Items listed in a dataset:
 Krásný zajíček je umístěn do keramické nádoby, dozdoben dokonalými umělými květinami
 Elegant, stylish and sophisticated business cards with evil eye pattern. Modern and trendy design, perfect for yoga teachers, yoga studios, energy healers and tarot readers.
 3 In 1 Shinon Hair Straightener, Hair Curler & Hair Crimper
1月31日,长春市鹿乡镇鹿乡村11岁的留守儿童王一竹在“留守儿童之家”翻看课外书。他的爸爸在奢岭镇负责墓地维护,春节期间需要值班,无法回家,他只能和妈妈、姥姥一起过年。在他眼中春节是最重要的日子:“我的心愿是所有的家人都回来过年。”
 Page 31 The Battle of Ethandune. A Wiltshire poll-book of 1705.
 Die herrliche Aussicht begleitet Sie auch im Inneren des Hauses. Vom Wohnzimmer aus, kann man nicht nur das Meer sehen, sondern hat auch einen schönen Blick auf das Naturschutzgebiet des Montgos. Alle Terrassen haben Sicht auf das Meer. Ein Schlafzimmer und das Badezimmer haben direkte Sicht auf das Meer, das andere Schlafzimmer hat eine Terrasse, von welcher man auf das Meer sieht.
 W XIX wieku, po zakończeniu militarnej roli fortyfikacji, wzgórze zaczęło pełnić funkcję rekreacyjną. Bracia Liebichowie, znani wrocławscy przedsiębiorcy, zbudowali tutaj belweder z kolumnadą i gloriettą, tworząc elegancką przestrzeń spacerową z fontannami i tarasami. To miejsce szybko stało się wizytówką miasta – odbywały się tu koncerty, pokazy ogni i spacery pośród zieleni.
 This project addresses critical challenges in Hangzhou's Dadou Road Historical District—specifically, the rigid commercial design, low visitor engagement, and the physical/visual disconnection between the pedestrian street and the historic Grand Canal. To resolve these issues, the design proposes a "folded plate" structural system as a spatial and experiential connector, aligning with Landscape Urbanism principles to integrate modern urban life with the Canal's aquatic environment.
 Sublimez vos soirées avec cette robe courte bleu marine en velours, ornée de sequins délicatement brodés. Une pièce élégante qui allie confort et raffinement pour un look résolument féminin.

• EXERCISE DESCRIPTION
Every entry is to be transcribed exactly as it stands.

• SOLUTION TO THE EXERCISE
 Krásný zajíček je umístěn do keramické nádoby, dozdoben dokonalými umělými květinami
 Elegant, stylish and sophisticated business cards with evil eye pattern. Modern and trendy design, perfect for yoga teachers, yoga studios, energy healers and tarot readers.
 3 In 1 Shinon Hair Straightener, Hair Curler & Hair Crimper
1月31日,长春市鹿乡镇鹿乡村11岁的留守儿童王一竹在“留守儿童之家”翻看课外书。他的爸爸在奢岭镇负责墓地维护,春节期间需要值班,无法回家,他只能和妈妈、姥姥一起过年。在他眼中春节是最重要的日子:“我的心愿是所有的家人都回来过年。”
 Page 31 The Battle of Ethandune. A Wiltshire poll-book of 1705.
 Die herrliche Aussicht begleitet Sie auch im Inneren des Hauses. Vom Wohnzimmer aus, kann man nicht nur das Meer sehen, sondern hat auch einen schönen Blick auf das Naturschutzgebiet des Montgos. Alle Terrassen haben Sicht auf das Meer. Ein Schlafzimmer und das Badezimmer haben direkte Sicht auf das Meer, das andere Schlafzimmer hat eine Terrasse, von welcher man auf das Meer sieht.
 W XIX wieku, po zakończeniu militarnej roli fortyfikacji, wzgórze zaczęło pełnić funkcję rekreacyjną. Bracia Liebichowie, znani wrocławscy przedsiębiorcy, zbudowali tutaj belweder z kolumnadą i gloriettą, tworząc elegancką przestrzeń spacerową z fontannami i tarasami. To miejsce szybko stało się wizytówką miasta – odbywały się tu koncerty, pokazy ogni i spacery pośród zieleni.
 This project addresses critical challenges in Hangzhou's Dadou Road Historical District—specifically, the rigid commercial design, low visitor engagement, and the physical/visual disconnection between the pedestrian street and the historic Grand Canal. To resolve these issues, the design proposes a "folded plate" structural system as a spatial and experiential connector, aligning with Landscape Urbanism principles to integrate modern urban life with the Canal's aquatic environment.
 Sublimez vos soirées avec cette robe courte bleu marine en velours, ornée de sequins délicatement brodés. Une pièce élégante qui allie confort et raffinement pour un look résolument féminin.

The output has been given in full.